Net realized investment (losses)
  $ (5.2 )   $ (2.5 )
             
       The recognition of realized gains and losses is considered to be a typical consequence of ongoing investment management. A large proportion of our portfolio is invested in fixed income securities and, therefore, our unrealized gains and losses are correlated with fluctuations in interest rates. Interest rates increased during the three months ended March 31, 2006 as well as the three months ended March 31, 2005; consequently, we realized losses from the sale of some of our fixed income securities. We also sold a higher volume of securities during the three-month period ended March 31, 2006 as we realigned our portfolio with the new investment benchmark.
       We analyze gains or losses on sales of securities separately from gains or losses on interest rate swaps. On April 21, 2005, we entered into certain interest rate swaps in order to fix the interest cost of our $500 million floating rate term loan. On January 31, 2006, these swaps were terminated with an effective date of June 30, 2006. In both periods we recorded no losses on investments as a result of declines in values determined to be other than temporary.

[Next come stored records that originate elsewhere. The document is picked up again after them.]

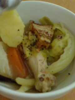 野菜だけだとさみしいので 鶏肉も入れてみましたが… 油が気になる場合はウインナーやハムでも。 塩コショウより、粒コショウを入れるほうが ただ野菜をコンソメで煮込むだけで簡単なのに おいしいです。
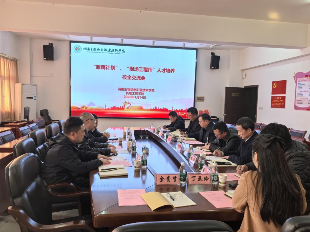 为深化人才培养质量,推动校企协同发展,2026年1月14日下午,机电工程学院邀请蓝思科技、博众精工的隋明、张敏三、柳科、陈宇航等专家,在马坡岭校区秀实楼4003召开“雏鹰计划”“现场工程师”人才培养校企交流会。学校党委书记毛祥成,党委委员、副校长何荣誉,机电工程学院院长廉良冲及全体班子成员参加了会议,会议由机电工程学院党总支书记刘林主持。
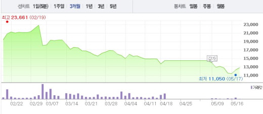 현대상선의 자율협약의 조건으로는 용선료 협상 타결이 포함돼있다. 이에 이 협상이 틀어질 경우 법정관리(기업회생절차)가 불가피한 상황이다.주가흐름<사진출처=네이버 캡쳐>
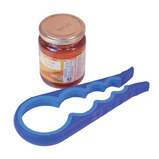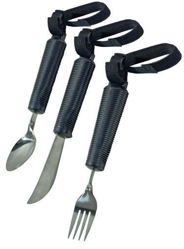 Set za pomoč pri hranjenju vključuje upogljivi žlico in vilico ter nož, ki z nihanjem enostavno reže hrano. Priloženi so trije trakovi za boljši oprijem in stabilnost. Opere se lahko tudi v pomivalnem stroju. Primeren za uporabnike z oslabljenim oprijemom ali omejeno spretnostjo rok.
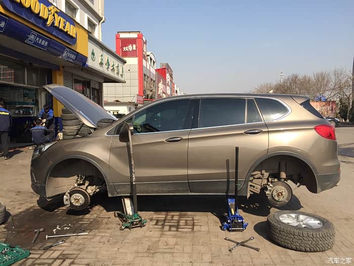 关于升高改装的结论:目前前换簧后加垫块的方法,省钱!稳定性没有问题,但是安装过程过于艰辛、安装后很难完美匹配,会出现异响。但当初并没有昂科威能用的减震、弹簧套装啊,也是无奈。。不过,最近居然看到广州某厂家给昂科威定制了套装,近期准备上车!第二阶段改装效果敬请期待哦~
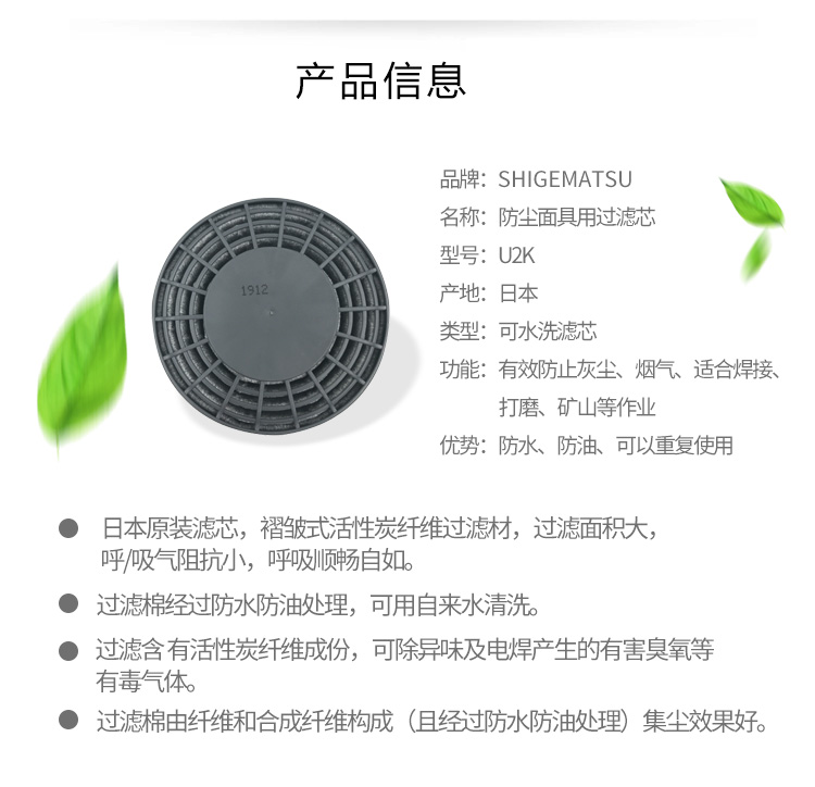 SHIGEMATSU/日本重松制作所防塵面具用過濾芯U2K防灰塵煙氣適合焊接打磨礦山作業(yè)
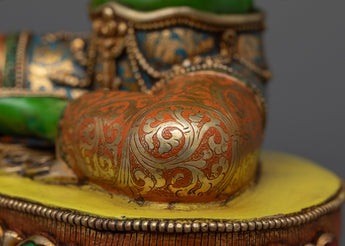 Discover Green Tara Buddha's mesmerizing charm, delicately depicted in this masterfully sculpted statue, a perfect gift for your dharma friend. This sculpture, a harmonious blend of art and faith, shines with the brilliance of 24K gold gilding on a strong copper foundation. The figure is brought to life by detailed gold and acrylic paints that capture the essence of Green Tara's tranquil yet empowering presence.
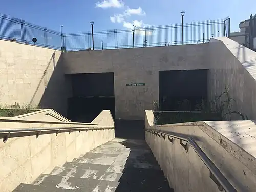 Torre Maura is an underground station of Line C of the Rome Metro. It is located at the intersection between the Via Casilina, Via dell'Aquila Reale and Via Walter Tobagi, near the Grande Raccordo Anulare. The stop serves the area of Torre Maura and provides an interchange with the Tobagi station on the Rome-Giardinetti railway.[1]
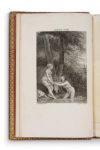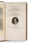 dorés, auteur et titre dorés, jeu de filets, et f leurons encadrant les caissons et les plats, dentelle dorée sur les chasses, tranches dorées [Morales Poitiers]. Édition illustrée d'un frontispice gravé au burin acier par Roger d'après Prudhon et un portrait de l'auteur en vignette au titre, gravé par Auguste St. Aubin.Traduit de grec par J. Amyot.
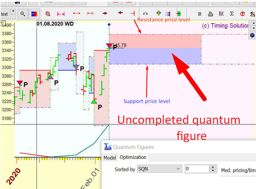 How to use this module for trading? The program optimizes parameters of quantum figures, finds the most profitable quantum figures and shows the uncompleted quantum figure based on the latest price history (its parameters can be used as support/resistance lines):
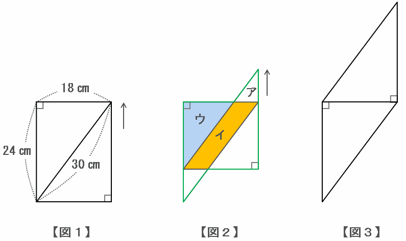 図1のように、同じ形の直角二等辺三角形が2つあります。右下の三角形が、3秒間に2㎝ずつ一定の速さで矢印の方向に移動します。途中で図2のようになり、図3の位置で止まりました。
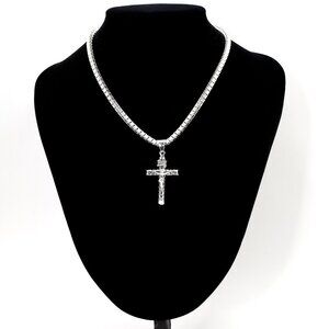 Sterling Silver Crucifix Pendant on 3.8mm Curb Chain,
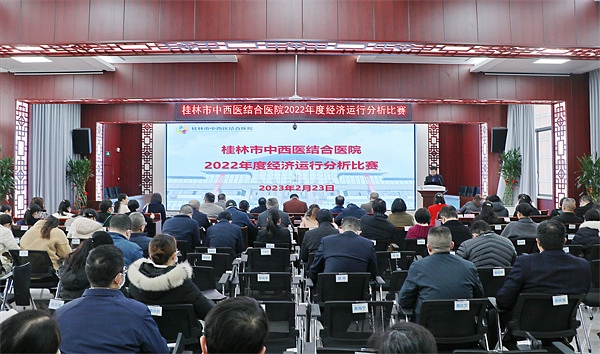 为进一步落实现代医院管理制度,提升医院全方位管理水平,坚持“稳增长、调结构、促发展”的工作思路,加强医院精细化运营管理,强化成本核算与管控,提高医院核心竞争力, 2月23日至24日,桂林市中西医结合医院举行2022年度经济运行分析比赛,党委书记于晖,院长蒋福明,副院长杨景毅、冯丽平、陈明、靳清任比赛评委,总会计师吴洪梅主持比赛。
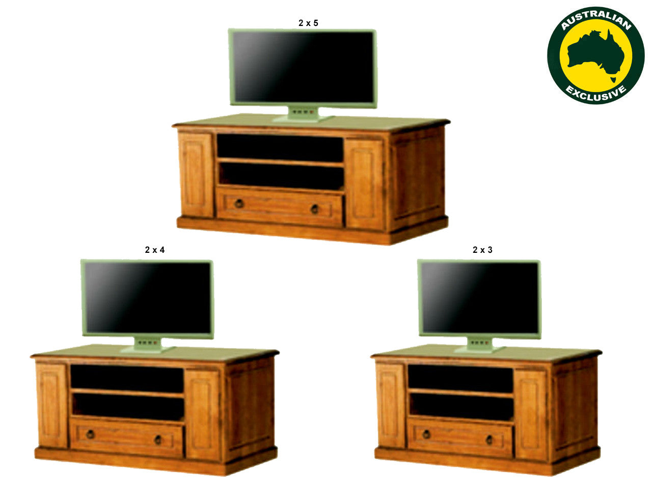ELTHAM (AUSSIE MADE) LOWLINE TV UNIT WITH 2 DVD/CD PULLOUTS & 1 DRAWER COLLECTION - ASSORTED STAINED COLOURS - STARTING FROM $999

Net Losses and Loss Expenses
       Net losses and loss expenses incurred comprise three main components:
  •  losses paid, which are actual cash payments to insureds, net of recoveries from reinsurers;
 
  •  outstanding loss or case reserves, which represent management’s best estimate of the likely settlement amount for known claims, less the portion that can be recovered from reinsurers; and
 
  •  IBNR reserves, which are reserves established by us for claims that are not yet reported but can reasonably be expected to have occurred based on industry information, management’s experience and actuarial evaluation. The portion recoverable from reinsurers is deducted from the gross estimated loss.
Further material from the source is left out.